Why you should enter the monthly Montreal Indie Short Film Awards
Short films are the perfect way for new filmmakers to showcase their talents. More and more film festivals are catering specifically to bringing short films and their creators out of the woodwork. New stories and new faces are what film festivals like Montreal Indie Short Film Awards are all about.
Montreal Indie Short Film Awards looks to promote short films from a number of genres including drama, horror, experimental, documentary, and animation and accepts submissions from all over the world. The up-and-coming short film festival has already awarded many talented filmmakers and actors in their latest selections and many more opportunities are coming for new submissions.
Opportunity every month
The festival is both annual and monthly. The annual festival awards filmmakers with cash awards and screens their films at the Cinema du Parc of Montreal. The monthly festival selects, awards, promotes and supports with screenings of short films in various platforms.
The festival selects some of the best international independent short films as their official selections to compete in dramatic, documentary, experimental, horror, and animation sections. The festival has a very artistic approach towards the language of cinema, artists and indie filmmaking.

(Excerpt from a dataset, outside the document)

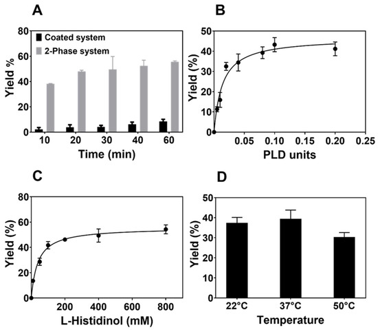 - Yang, H.; Woscholski, R. A Novel High-Throughput Assay Reveals That the Temperature Induced Increases in Transphosphatidylation of Phospholipase D Are Dependent on the Alcohol Acceptor Concentration. Biomolecules 2022, 12, 632. [Google Scholar] [CrossRef]

The twelve winning filmmakers are invited to the annual film festival awards where they are honored individually and their short films are screened in a red carpet event at Cinema du Parc of Montreal. One short film of the twelve will be awarded $500 and a statue of recognition.
Categories & awards
There are many categories for new innovators to really shine in their respective genres. Montreal Indie Short Film Awards also makes sure individuals are recognized for their efforts with categories for best film producer, best film editor, best film lead actor/actress, best film cinematographer, and best film scriptwriter.
In the past edition of the festival, the best international short film award went to a female American filmmaker, Kandace Cornell, for her film called The Just. The film was also chosen for the best script. Yurii Onyshchenko from Ukraine took the best directing for Blud. Samantha Casella, the director of To a God Unknown, and Alexandera Bekiou, the director of The Wave Broke, shared the best experimental film from Italy and Germany. A young Israeli director called Ruchama Ehrenhalt was chosen for the best youth cinema award for her film called Give it Back.
The best actor went to a French actor called Joris Adu for his performance in the True Love of Hubert. The best actress went to Andrea Mendez for Wholeheartedly. The best cinematography went to a Turkish film called Sycamore by Mehmet Tigli. The Family Gold from Italy was chosen as the best producer for Pathos, Emanuele Pisano and Maurizio Ravallese. The best edit went to Laurie Chock for Reparations from US. The best animation went to Bellopropello for Shadowland from Switzerland. The best horror went to the Tenant by Edwin Escobar.
International judges
The members of the jury for the Montreal Indie Short Film Awards are professionals working in film industry from Hollywood, Toronto, Montreal, New York and Paris. Glen Reynolds, Sona Moghadam, Hanna Griffiths, Amir Ganjavie, Thierry Malet, and Babak Salari accompanied Baraheni in the last edition of the festival which selected, nominated and awarded films from all over the world.
The Canadian film festival continues to grow with more submissions from some of the best international short films of today. The quality of entries seen by the Montreal Indie Short Film Awards could one day make it a Sundance of short filmmaking.
Submit your own film
There are at least twelve opportunities a year for filmmakers to submit their own works to the festival’s Filmfreeway page. Turn in your short film by the end of this month and maybe you’ll be one of Montreal Indie Short Film Award’s winners by June!